• [Task brief]: Copy exactly, beginning with the line holding "Die Vespa so" and ending with the final line of the data beneath this task; copy nothing else, and leave out every picture.

• [Exercise inputs]:

* * *

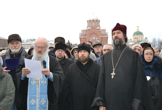 Молебен на освящение памятника совершил клирик Покровского Хотькова ставропигиального женского монастыря протоиерей Евгений Корчуков.
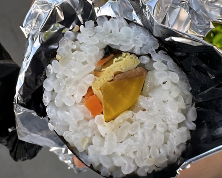 김밥 속 내용물은 단무지와 소량의 채소가 전부였으며, 대부분이 밥으로 채워져 있었습니다.
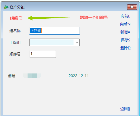 库表是有资产分组编号的,只是在资产分组编辑界面没有显示,是系统自动生成的六位数编码
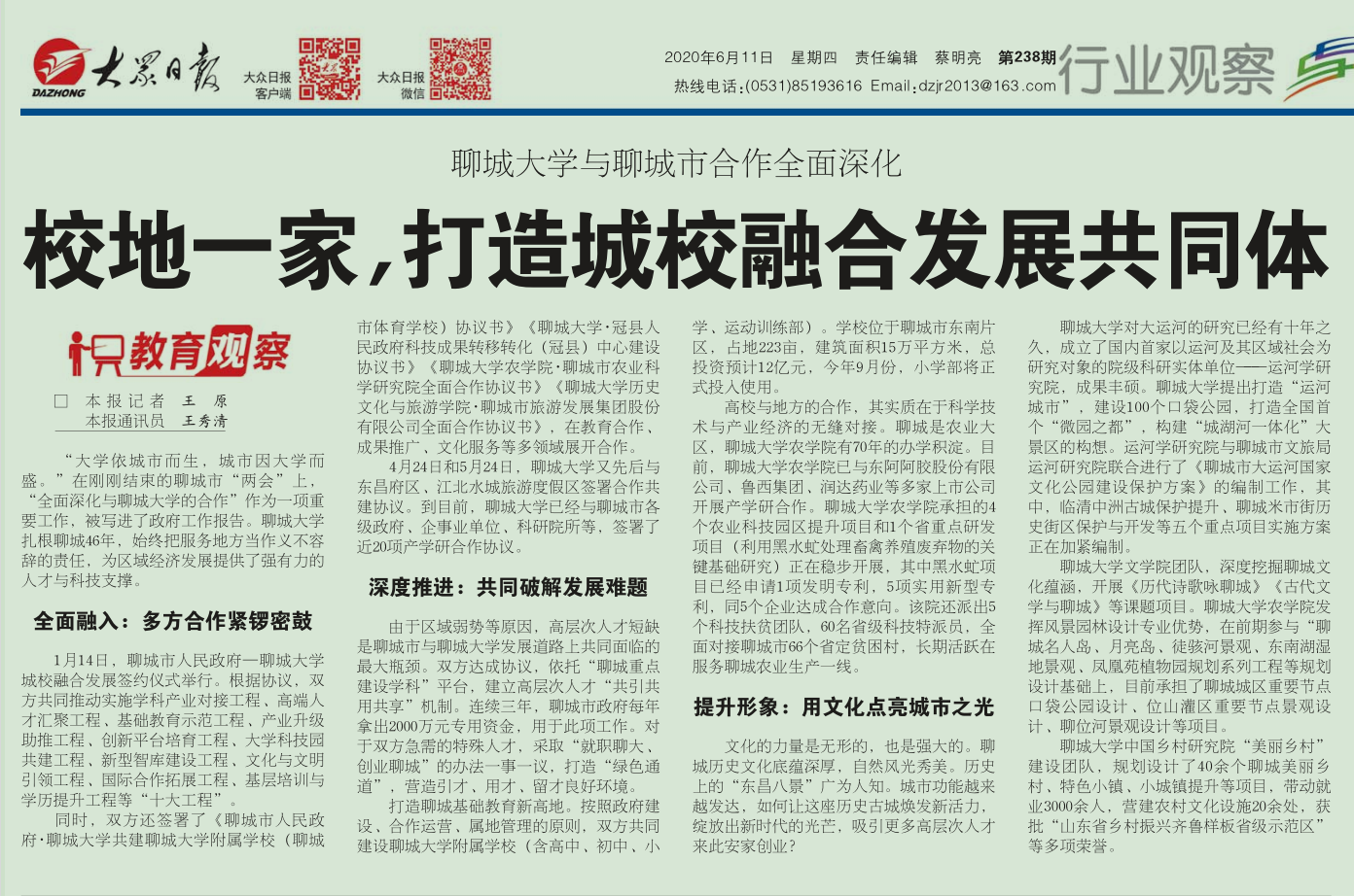 【编者按】6月11日,《大众日报》第15版以《校地一家,打造城校融合发展共同体》为题刊发通讯,报道了今年会与聊城市全面深化合作,打造城校融合发展共同体的经验做法。通讯分为三个部分——全面融入: 多方合作紧锣密鼓;深度推进:共同破解发展难题; 提升形象:用文化点亮城市之光。文章通过介绍经验,展示数据,列举事例,全面展示了今年会扎根聊城46年,为区域经济发展提供的强有力人才与科技支撑,与聊城市在教育、文化等方面开展的多领域合作。
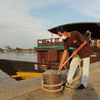 Untuk susur sungai, penumpang kapal diwajibkan menggunakan pelampung untuk keselamatan.
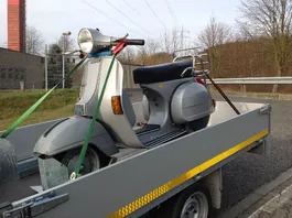Die Vespa so nicht Spannen. Die Rohre am Lenker halten nicht so viel aus.
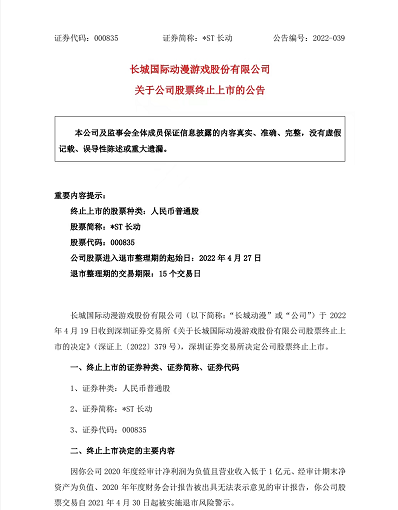 4月19日,*ST长动(000835.SZ,即长城国际动漫游戏股份有限公司,以下简称长城动漫)发布公告称,公司收到深交所终止公司股票上市的决定,公司股票将从4月27日起进入退市整理期,退市整理期届满的次一交易日,公司股票将被摘牌并终止上市。
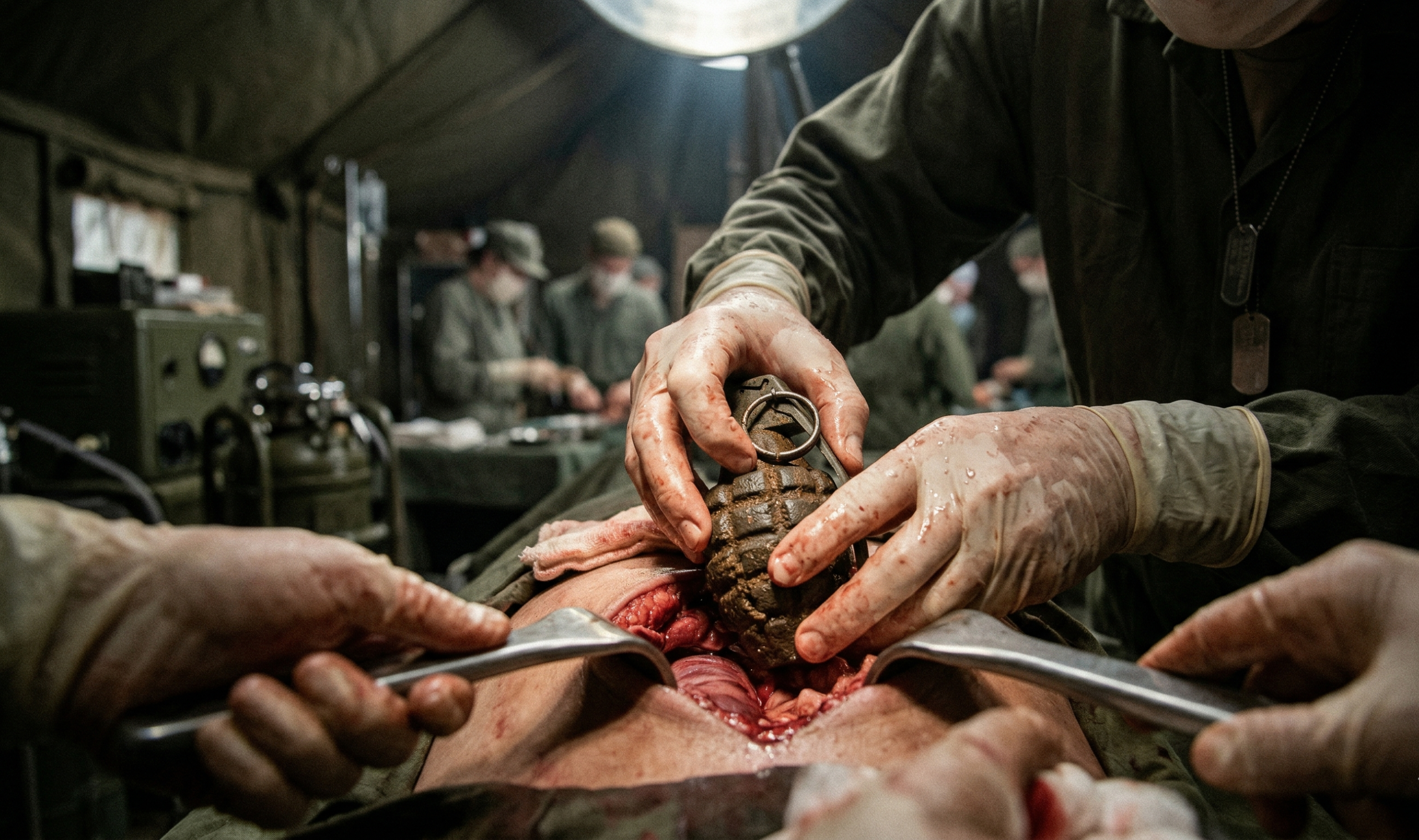 Hawkeye lifted. Millimeter by agonizing millimeter. The grenade was slick with blood, making his latex gloves slip. He tightened his grip, praying to whatever deity watched over foolish surgeons in warzones. The metal cleared the intestines. It cleared the shattered ribs.

* * *

• [Solution below]:
Die Vespa so nicht Spannen. Die Rohre am Lenker halten nicht so viel aus.
 4月19日,*ST长动(000835.SZ,即长城国际动漫游戏股份有限公司,以下简称长城动漫)发布公告称,公司收到深交所终止公司股票上市的决定,公司股票将从4月27日起进入退市整理期,退市整理期届满的次一交易日,公司股票将被摘牌并终止上市。
 Hawkeye lifted. Millimeter by agonizing millimeter. The grenade was slick with blood, making his latex gloves slip. He tightened his grip, praying to whatever deity watched over foolish surgeons in warzones. The metal cleared the intestines. It cleared the shattered ribs.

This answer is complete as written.